**REQUIRED ACTION:** Work out how many lines of the material contain the string "positive". Respond with the number only.

**SOURCE DATA:**

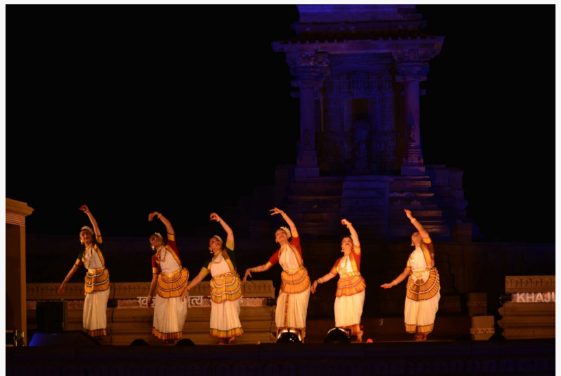
Khajuraho Dance Festival
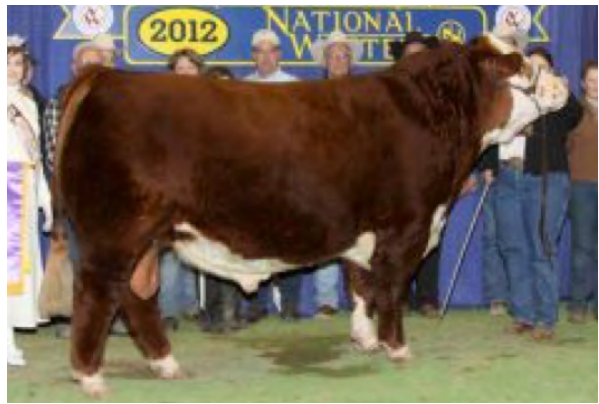
(b) 2012 Grand Champion Polled Hereford Bull at the National Western Stock Show in Denver, CO.

Figure 1 . Examples of selection for growth and size in beef cattle sires through time.
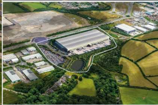
Barnsley 340 340,000 sq ft Grade-A logistics unit
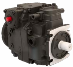
PMH P AXIAL PISTON HYDRAULIC PUMP
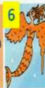
6 A beautiful orange monster.
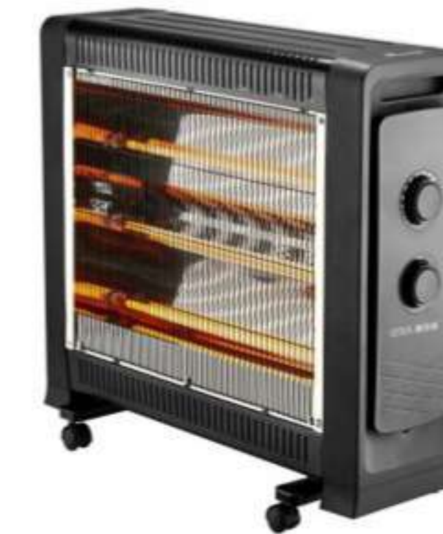
NSBK-240GC21F Quartz Heating Element
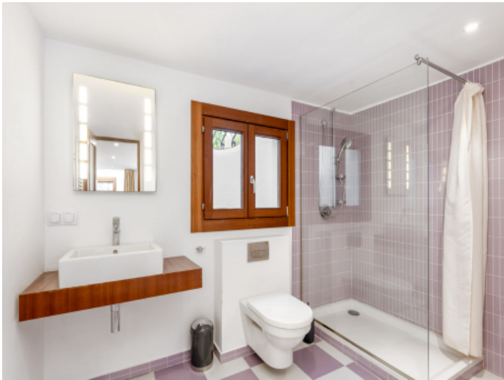
En-suite bathroom in the guest apartment
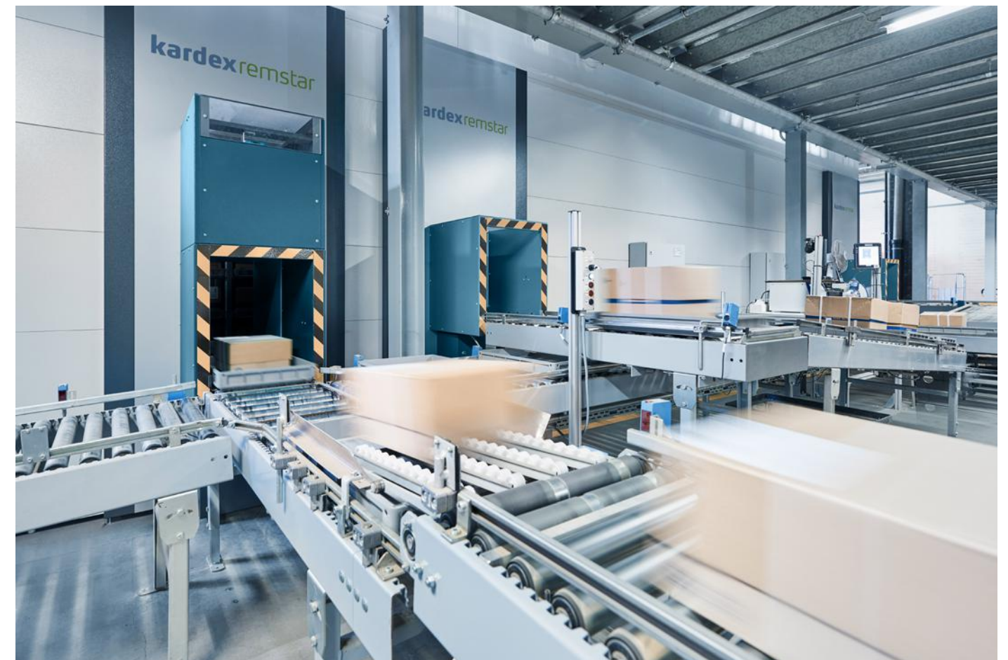
Order consolidation with automatic conveyor connection
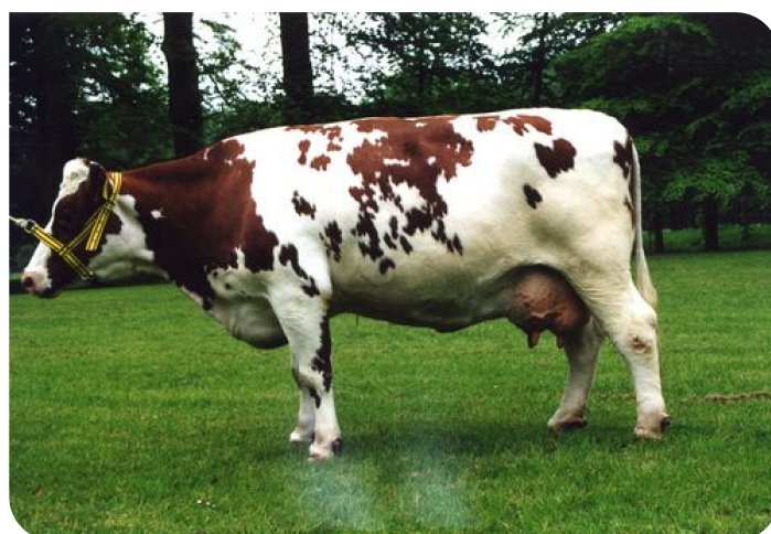
Merlin 29 (dam of Gerbert)
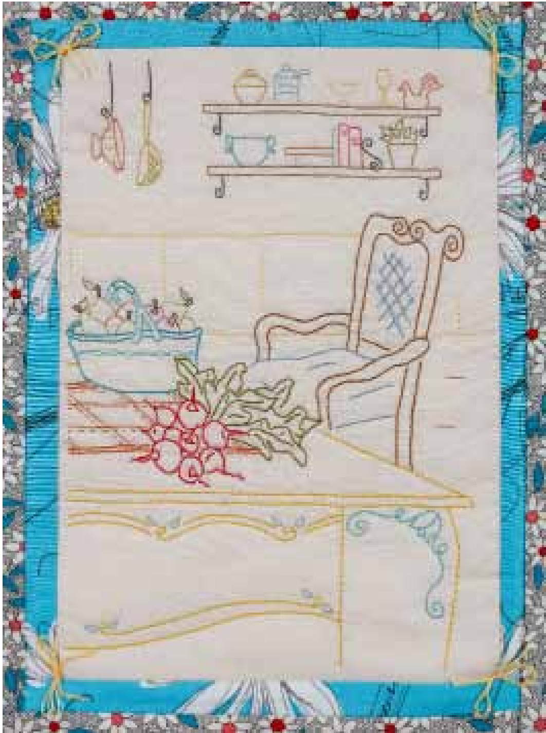
The fifth block in the Stitch-A-Long project is the Du Jardin design.
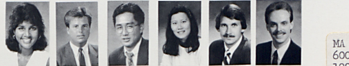
VYAS WILES WON WONG WOOLVERTON WREN
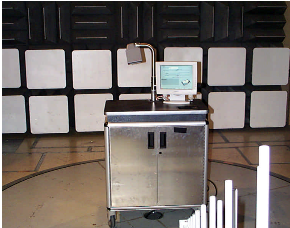
Radiated Emissions (30 to 1000MHz)
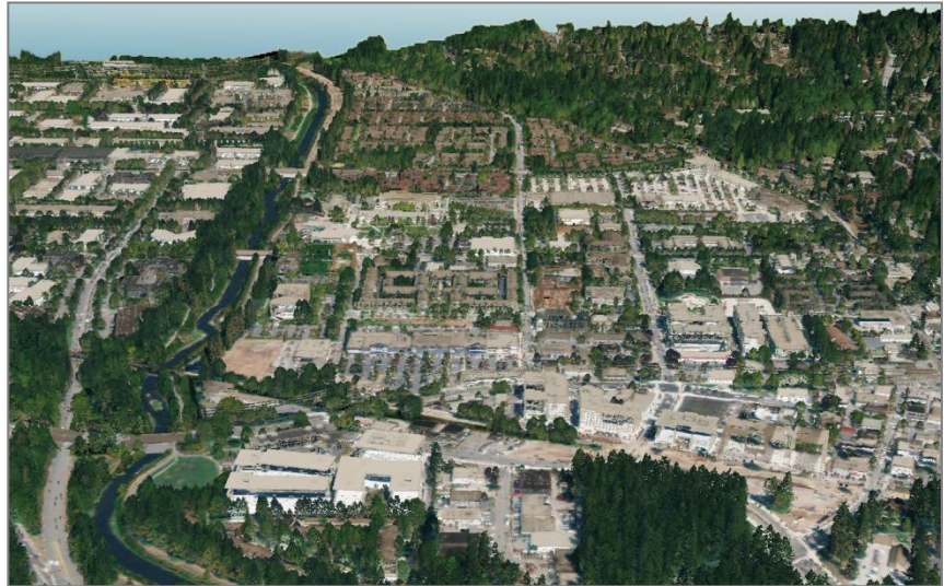
LiDAR point cloud colored by NAIP imagery of downtown Redmond, Washington.

Quantum Spatial, Inc. appreciates the opportunity to present to the Puget Sound LiDAR Consortium (PSLC) a cost proposal for acquiring and processing high-resolution (> 8 pulses/m 2 ) LiDAR data for the project area of interest to King County, WA. Our cost for LiDAR acquisition and processing abides by our negotiated cost structure with the PSLC, assuming that a contract for standard deliverables will be administered through Kitsap County, WA.
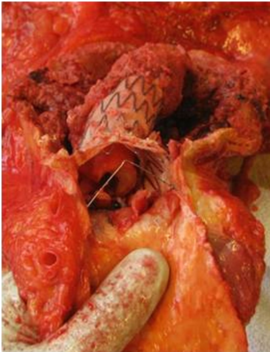
Fig. 3 Cranial view, during autopsy, of the abdominal aorta with the endovascular aneurysm repair (EVAR) stent-graft. The lumen of the celiac trunk and superior mesenteric artery are visible. Around the EVAR the aneurysmatic plaque inside the dilated vascular wall is still in situ, the material was PCR positive for C. burnetii . A fistula from the abdominal aortic aneurysm (AAA) to the psoas abscess was present (not visible on picture). Inside the EVAR an intra-prosthetic deposition of amorphous material is visible

patient already reported general malaise for years, chronic chest pain and left flank pain ever since the EVAR procedure. Furthermore, he already had an elevated CRP whilst consulting the cardiologist, pulmonologist and rheumatologist in the years before presentation, who related this to his active RA and intercurrent problems. Our patient lived in an area in the Netherlands with the highest incidence of Q fever during the large Q fever outbreak from 2007 to 2010 [15, 16], and inhalation of contaminated aerosols was probably the route of initial infection [17]. In Q fever endemic areas or in the years after outbreaks, physicians should stay alert on signs and symptoms suggestive for chronic Q fever, especially in case of risk factors, also in the absence of a known acute Q fever episode. Well-known risk factors for developing chronic Q fever include vascular grafts and aneurysms, cardiac valve prosthesis or valvulopathy, and immunosuppression [18]. Despite the fact that EVAR specimens appeared to be PCR positive for C. burnetii , the EVAR could not be revised in this case. The main reason for the decision to abstain from surgical intervention was the already expanded infection, and the patients' deteriorating physical condition. However, in case of a chronic Q fever infection of a vascular prosthesis, surgical interventions can
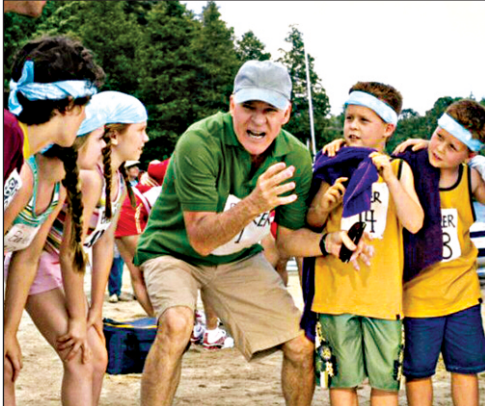
Cheaper by the Dozen 2 On Star Movies at 8:40pm Genre: Comedy Cast: Steve Martin, Eugene Levy

All programmes are in local time. The Daily Star will not be responsible for any change in the programme.
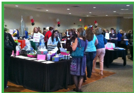
Women from the community browsing the silent auction and raffle items at Bids 4 Kids.

More than $15,000 was raised to help support Foundation programs such as classroom grants, scholarships, robotics, author visits, reading intervention programs and more which impact all 6,000+ students within the Elkhorn Public Schools District.
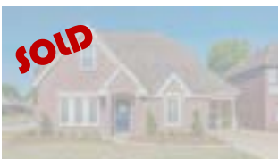
9471 Winfield Place
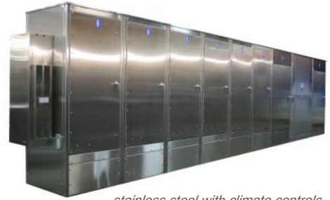
stainless steel with climate controls
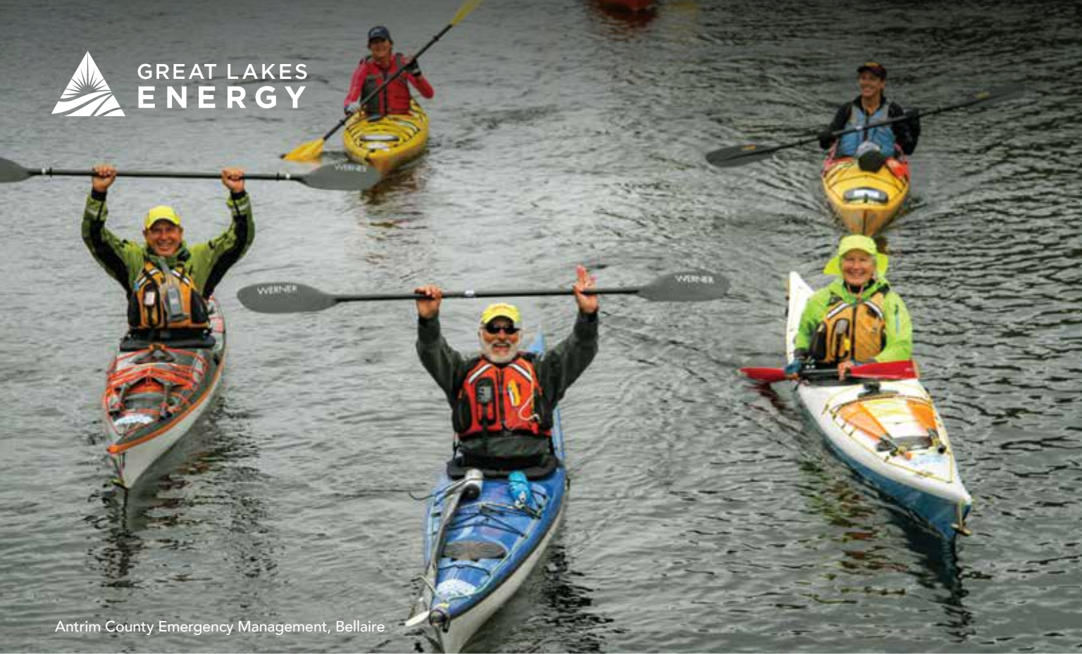
Antrim County Emergency Management, Bellaire
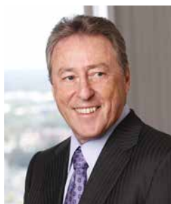
USA: Michigan Jaffe, Raitt, Heuer & Weiss, P.C.
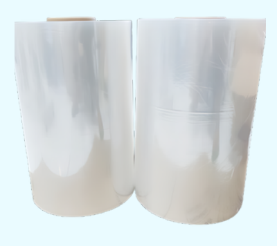
POF & LDPE Shrink Film
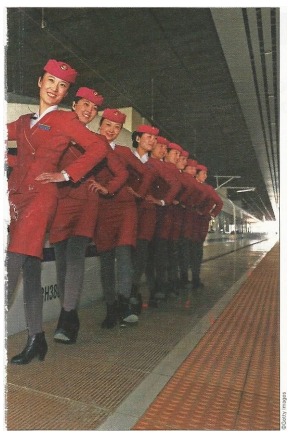
Important change of direction for China
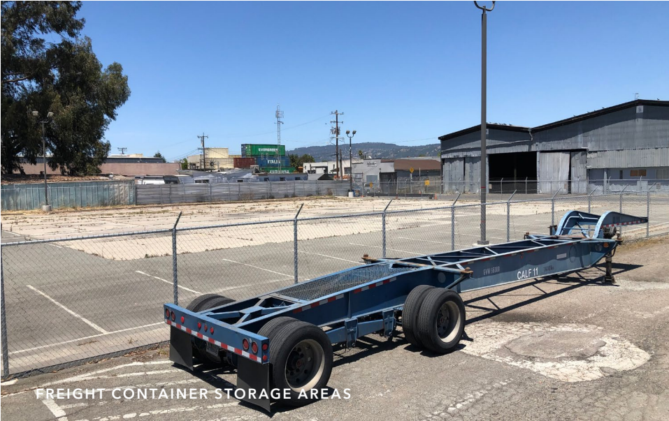
FREIGHT CONTAINER STORAGE AREAS
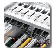
Tool-less adjustable card retainer for full height or low profile cards
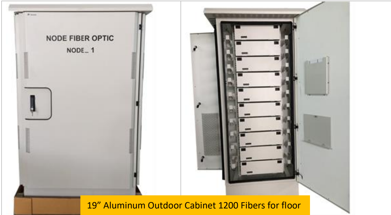
19" Aluminum Outdoor Cabinet 1200 Fibers for floor
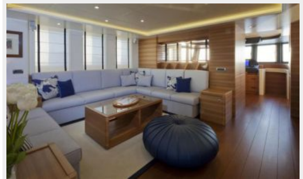
Sky lounge - Sister ship
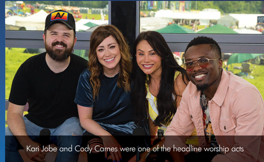
Kari Jobe and Cody Carnes were one of the headline worship acts
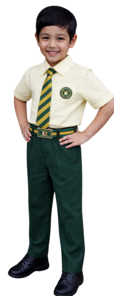
(Boys – Class V to XII))
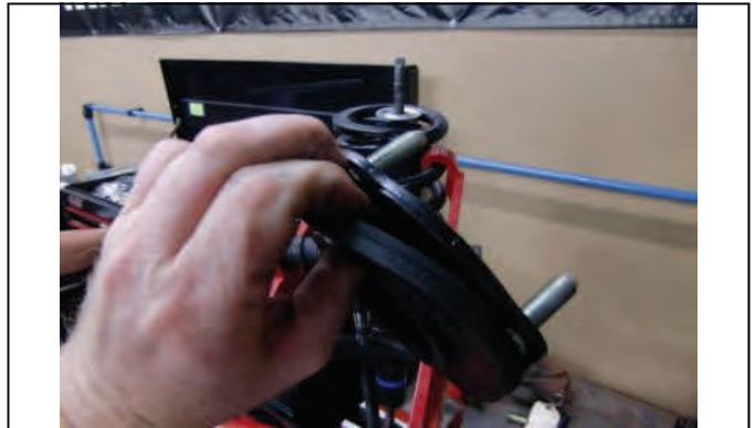
Remove OE upper spring isolator
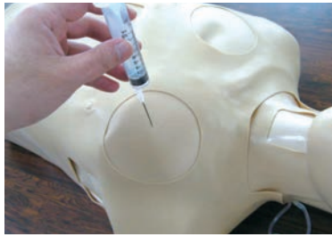
b. Thoracentesis (Left and Right)
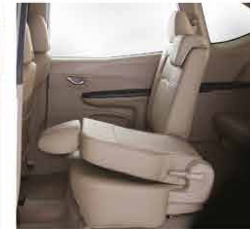
50:50 FOLDING 2ND ROW

**TASK RESPONSE:** 2